Même sentiment en restauration ?
Les points de vente se multiplient. On pourrait y voir une dynamique, malheureusement, il n'y pas d'analyse de marché.  Des petites communes favorisent l'installation des camions et autres food-trucks pensant que cela va relancer l'activité. On laisse mettre des tables, vendre de l'alcool sans autorisation. Ca ne donne rien de bon à terme car très vite ces modèles ne sont pas viables économiquement et fragilisent encore davantage les établissements qui ont pignon sur rue. Bien sûr que la restauration dite classique va devoir revoir ses amplitudes horaires, accueillir à d'autres moments de la journée. Mais cet aspect est freiné par les charges. Le coût salarial est bien trop important. A cette problématique s'ajoute celle du recrutement. Même si nous entretenons de bonnes relations avec le Rectorat ou Pole Emploi, nous avons toujours un déficit d'images, notamment auprès des parents. Un français sur quatre travaille le week-end mais c'est toujours notre secteur qu'on montre du doigt.

Votre plus grosse inquiétude ?
L'absence de trésorerie. Dans notre département, nous avons une majorité de TPE. Celles-ci se retrouvent à devoir puiser dans leurs fonds propres parce que les banquent refusent les découverts. Depuis quelques mois, la suppression des pré-enseignes accentue le phénomène. Dans les petites communes, la restauration du midi à chuter de 30% depuis qu'on a retiré les pré-enseignes. Les services de l'Etat nous proposent une information concernant les établissements les plus isolés, une quinzaine dans les faits. Nous, nous réclamons que tous ceux qui travaillent les produits locaux, les circuits courts, comme les Maitres Restaurateurs, puissent aussi bénéficier d'un fléchage. C'est bien gentil de renvoyer nos clients sur leurs applications mobiles quand seulement 50% de l'Orne est couvert par Internet.  

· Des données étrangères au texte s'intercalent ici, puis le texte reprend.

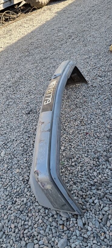 Задний бампер в сборе для автомобиля бизнес‑класса 80–90‑х годов (оригинальная деталь). Пластиковая основа с интегрированной хромированной/серебристой накладкой по кромке. С внутренней стороны уста...
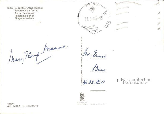 old postcard San Gimignano Panorama Luftaufnahme postalisch gelaufen Erhaltung siehe scans [KathaD75 kv015box]
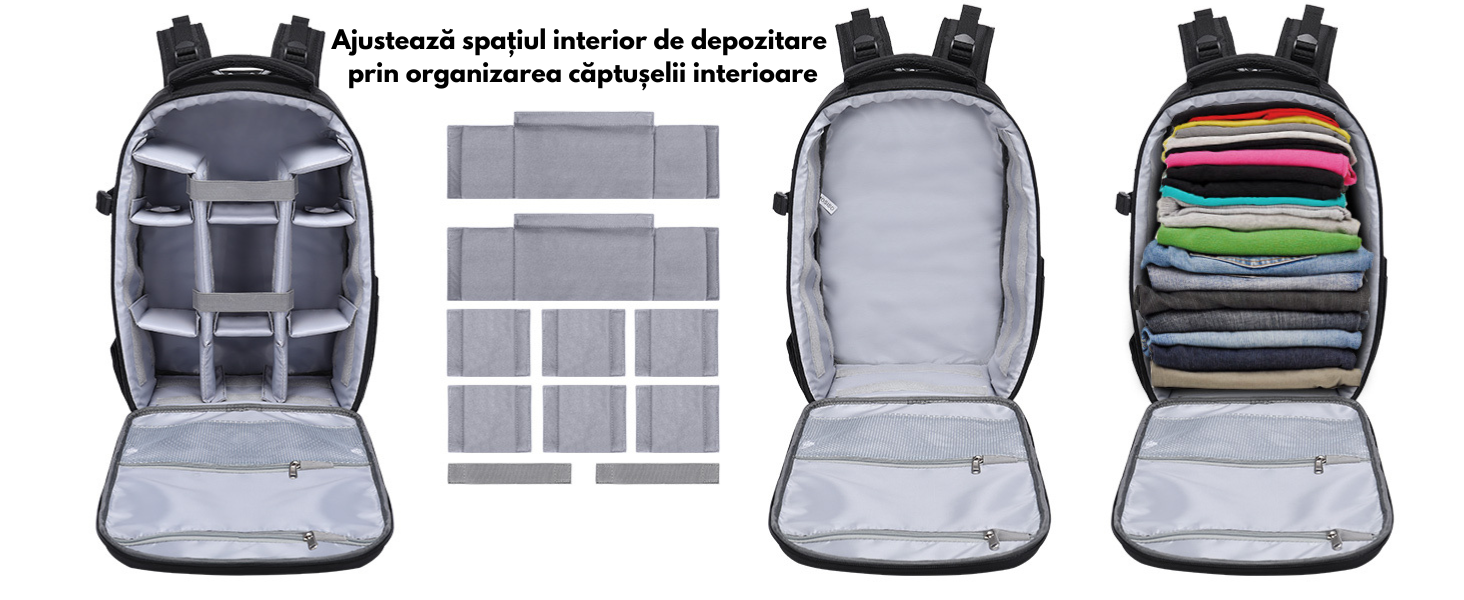 Compartimentul superior (42 x 29 x 14 cm) are insertii modulare captusite si detasabile, personalizabile pentru camere, blituri, obiective si drone. Poti organiza spatiul interior conform nevoilor tale.
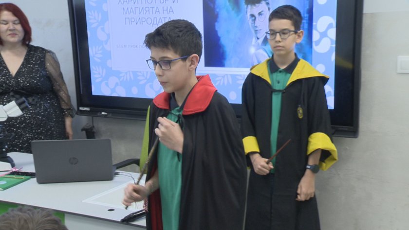 С мантии и „вълшебни“ пръчки ученици влязоха в ролята на Хари Потър и показаха научни експерименти пред своите съученици.
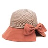 - A Bucket Hat and A Sun Hat -- The top part of the head of this sun hat is made of mesh material to reduce sweltering heat and keep cool. A part of the back of the hat is left to put on the ponytail. The bow decoration adds elegance to your look
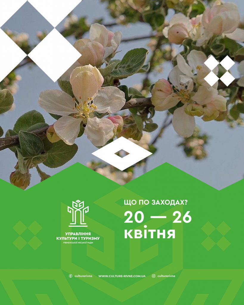 Запрошуємо рівнян та гостей міста на загальноміські заходи, які будуть відбуватися у Рівненській міській територіальній громаді на період з 20-26 квітня. Протягом цього тижня на вас чекає безліч цікавих подій, заходів, майстер-класів, виставок, тощо. Бажаємо аби цей робочий тиждень у вас пройшов яскраво і впевнені, що з цим допоможуть наші загальноміські заходи.
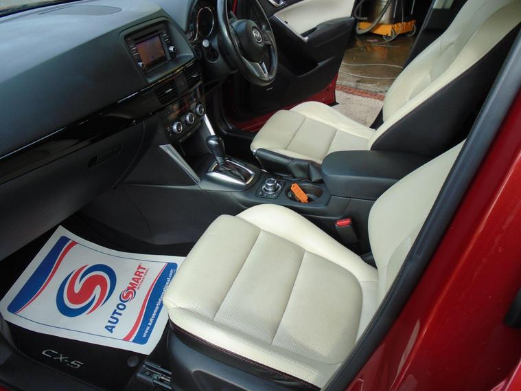 MAZDA CX-5 2.2 SKYACTIV-D SPORT NAV AUTOMATIC 4WD EURO 6.METALLIC WINE RED WITH FULL CREAM LEATHER INTERIOR LOOKS AND DRIVES AMAZING WITH LOW LOW MILES AND FULL MAZDA SERVICE HISTORY.FANTASTIC SPEC WITH SAT NAV, BLUETOOTH CONNECTIVITY, HEATED SEATS, REAR CAMERA, FRONT AND REAR PARKING SENSORS, AIR CON, CRUISE CONTROL, USB AND 19 INCH ALLOY WHEELS WITH 2 KEYS.VERY DESIRABLE AUTOMATIC SUV 4X4.MOT UNTIL FEBRUARY 2027 AND FSH WITH MAZDA.12 MONTHS FREE AA BREAKDOWN COVER AND 18 MONTNHS WARRANTY INCLUDED IN PRICE.FINANCE AVAILABLE P/X WELCOME..
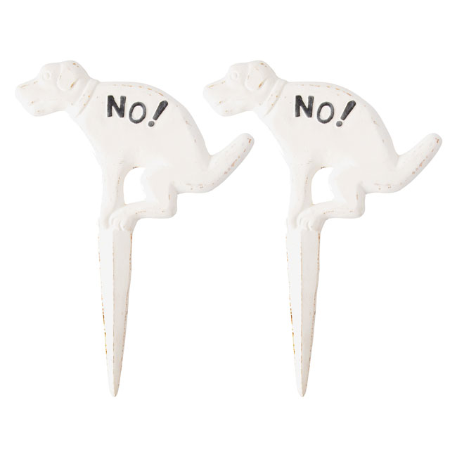 Define two sections of your lawn as off limits for dogs with this pair of Esschert Design White Cast Iron "NO!" Pooping Yard Signs.
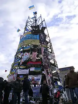 - ↑ (in Ukrainian) "Barricades at Maidan stand by May 25", Ukrayinska Pravda (10 March 2014)
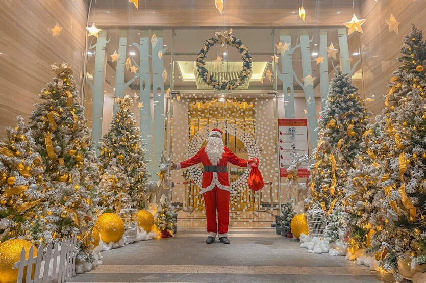 “Ông già Noel” tại sảnh Aqua 1 Vinhomes Golden River được trang hoàng bởi cư dân.
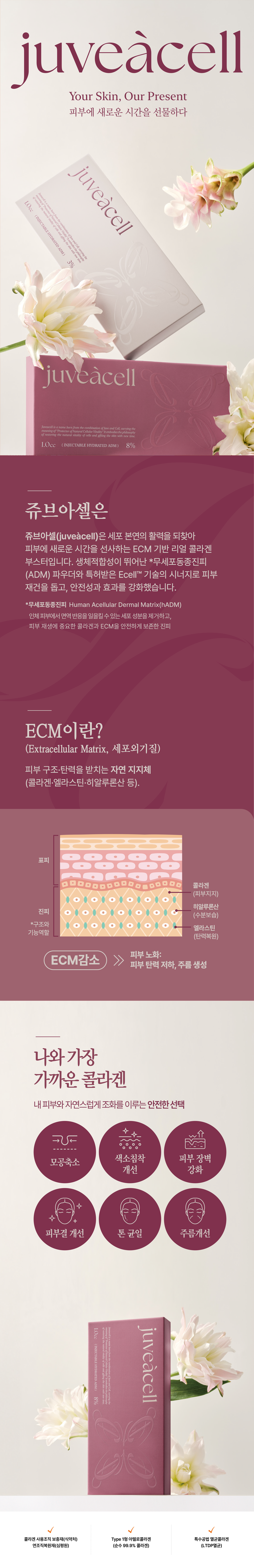기존 제품들이 콜라겐 생성을 '유도'하는 방식이었다면, 쥬브아셀은 콜라겐, 엘라스틴, 히알루론산 등 ECM 구성 성분을 직접 주입한다는 점이 특징입니다
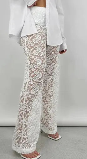 - Summer Lace See-Through High Waist Stitching Long Straight-Leg Pants
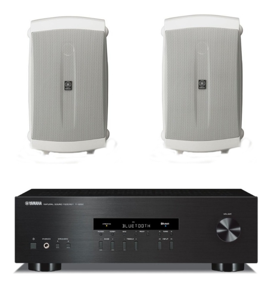 Kit de equipo de audio para casa , negocio, jardín, incluye amplificador con bluetooth y 2 bocinas de sobreponer en pared pueden ponerse en intemperie , color blanco .
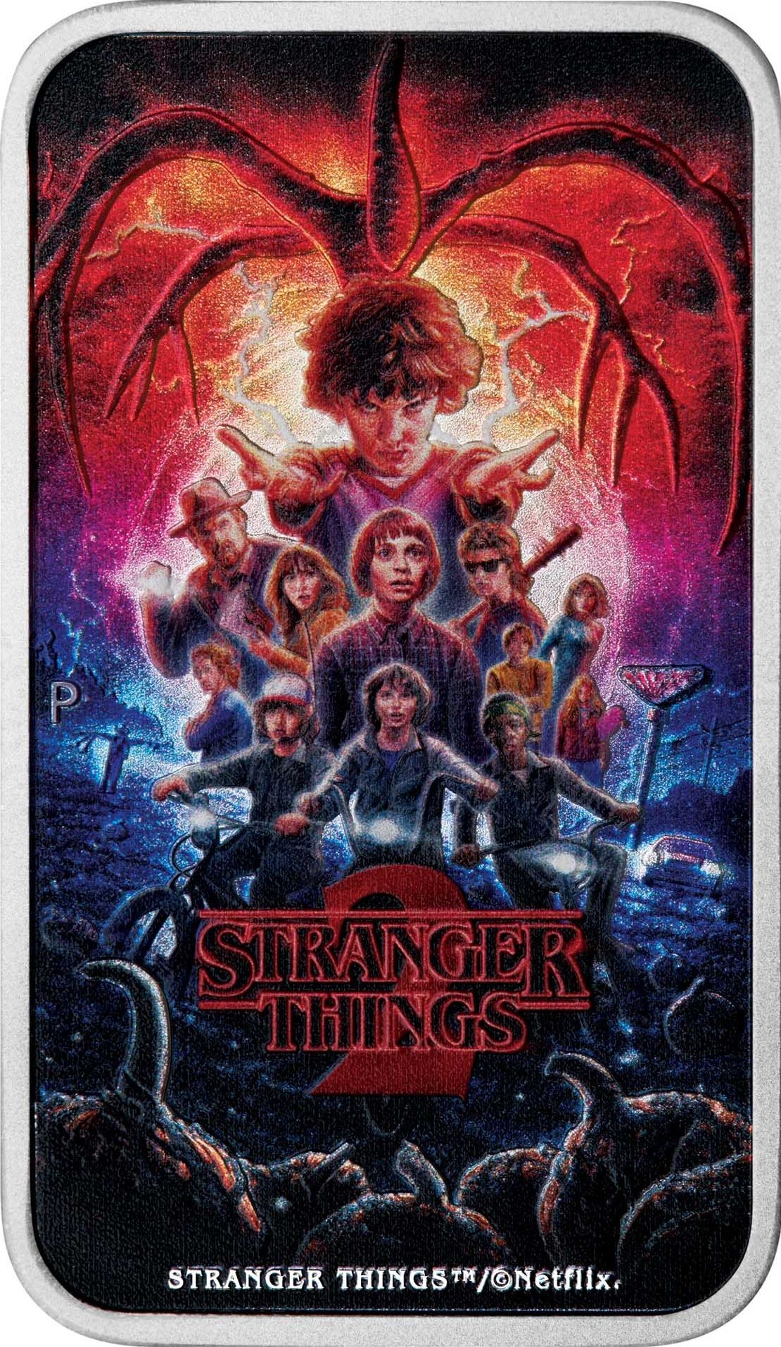 Опис: Культовий постер 2 сезону з головними героями, на якому основна увага приділена Одинадцятій у драматичний момент, коли вона вивільняє свої надприродні сили. На тлі зображено моторошний світ «Упсайд Даун» із силуетом Майнд-Флейєра, що домінує над бурхливим небом, та примарним полем гарбузів внизу.
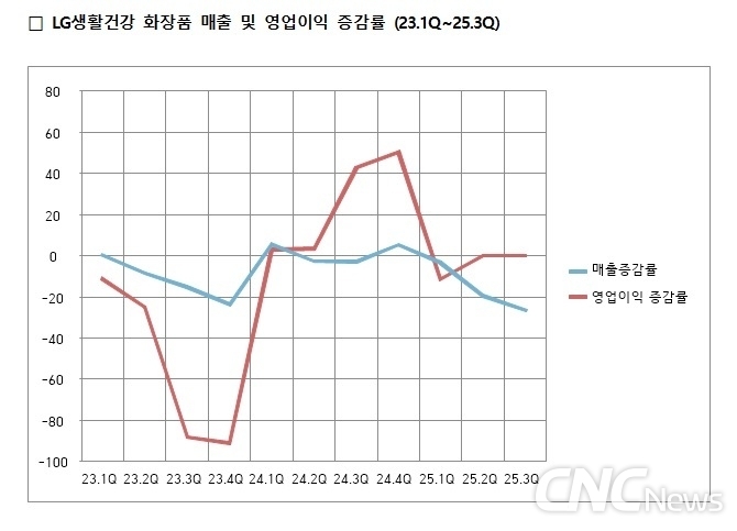 LG생활건강은 10일 2025년 3분기(이하 연결기준) 매출 1조 5,800억원, 영업이익 462억원을 기록했다고 공시했다. 내수 부진 속에서도 HDB(Home Care & Daily Beauty·생활용품)와 Refreshment(음료) 사업은 판매 호조를 보이며 성장했지만, 강도 높은 사업 효율화에 나선 Beauty(화장품) 사업은 부진했다. 이에 따라 LG생활건강의 3분기 매출은 전년 동기 대비 7.8%, 영업이익은 56.5% 각각 하락했다.
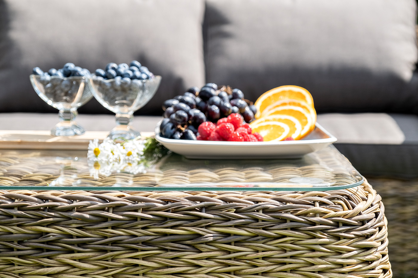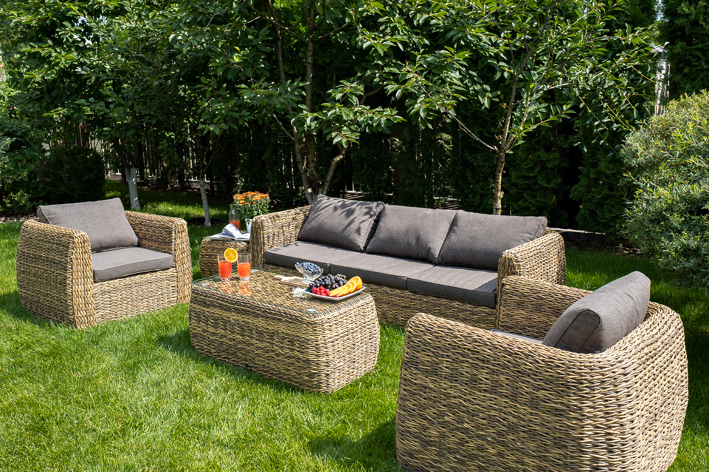 Журнальный столик «Кальяри» используется как в комплекте, так и в качестве отдельного предмета для сада, открытой террасы или балкона.
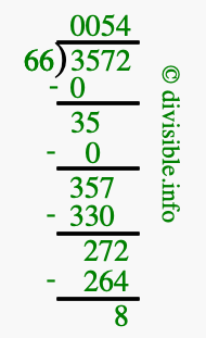 Here we will show you an image that illustrates how to calculate 3572 divided by 66 using long division. We will also give you the answer to 3572 divided by 66 (3572 ÷ 66) as a fraction and as a decimal.
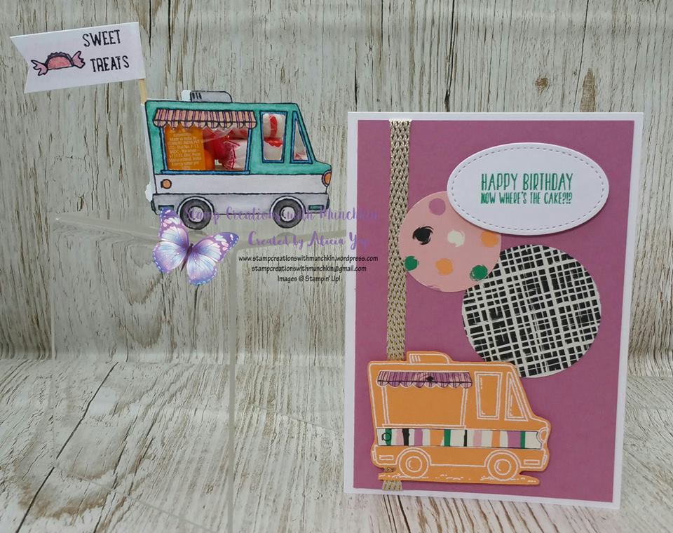 Next up on our Global Stamper tour is Alicia. Alicia’s blog is Stamp Creations with Munchkin. Alicia gave us 2 great projects using the Tasty Trucks stamp set. The first project is an adorable treat holder using the truck as the outside.

Que mettez-vous en positif ?
Les acteurs du tourisme veulent travailler main dans la main. Un certain nombre d'initiatives prennent forme. Je pense au Château de Carouge qui octroie aux clients des hôtels des billets d'entrée à prix préférentiels ou encore aux grands événements qui ont lieu au Haras du Pin et qui sont systématiquement relayés par le CDT. On note aussi, et cela a été réitéré le Président du Tribunal du Commerce ou par le Directeur des Finances Publiques, ils ne sont plus là uniquement pour sanctionner. Ils sont aussi là pour conseiller et aider les entreprises.